**Exercise input:**
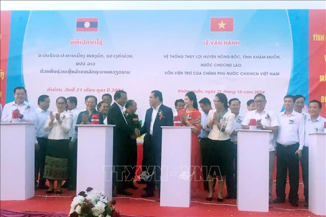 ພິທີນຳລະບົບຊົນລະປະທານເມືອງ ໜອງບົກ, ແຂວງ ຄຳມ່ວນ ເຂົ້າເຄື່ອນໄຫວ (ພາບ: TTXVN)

* * *

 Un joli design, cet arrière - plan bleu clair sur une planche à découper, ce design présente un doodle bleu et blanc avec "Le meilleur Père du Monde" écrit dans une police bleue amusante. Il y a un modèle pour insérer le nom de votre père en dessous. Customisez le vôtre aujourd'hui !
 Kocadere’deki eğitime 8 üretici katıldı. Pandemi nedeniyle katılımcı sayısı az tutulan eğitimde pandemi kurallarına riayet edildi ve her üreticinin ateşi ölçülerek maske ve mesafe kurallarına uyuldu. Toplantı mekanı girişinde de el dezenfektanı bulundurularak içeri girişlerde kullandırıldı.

**Exercise prompt:**
Every line above from the line with "Un joli design, cet" to the line with "Kocadere’deki eğitime 8" is wanted, ends included; write them out exactly and add no other line.

**Solution to the exercise:**
 Un joli design, cet arrière - plan bleu clair sur une planche à découper, ce design présente un doodle bleu et blanc avec "Le meilleur Père du Monde" écrit dans une police bleue amusante. Il y a un modèle pour insérer le nom de votre père en dessous. Customisez le vôtre aujourd'hui !
 Kocadere’deki eğitime 8 üretici katıldı. Pandemi nedeniyle katılımcı sayısı az tutulan eğitimde pandemi kurallarına riayet edildi ve her üreticinin ateşi ölçülerek maske ve mesafe kurallarına uyuldu. Toplantı mekanı girişinde de el dezenfektanı bulundurularak içeri girişlerde kullandırıldı.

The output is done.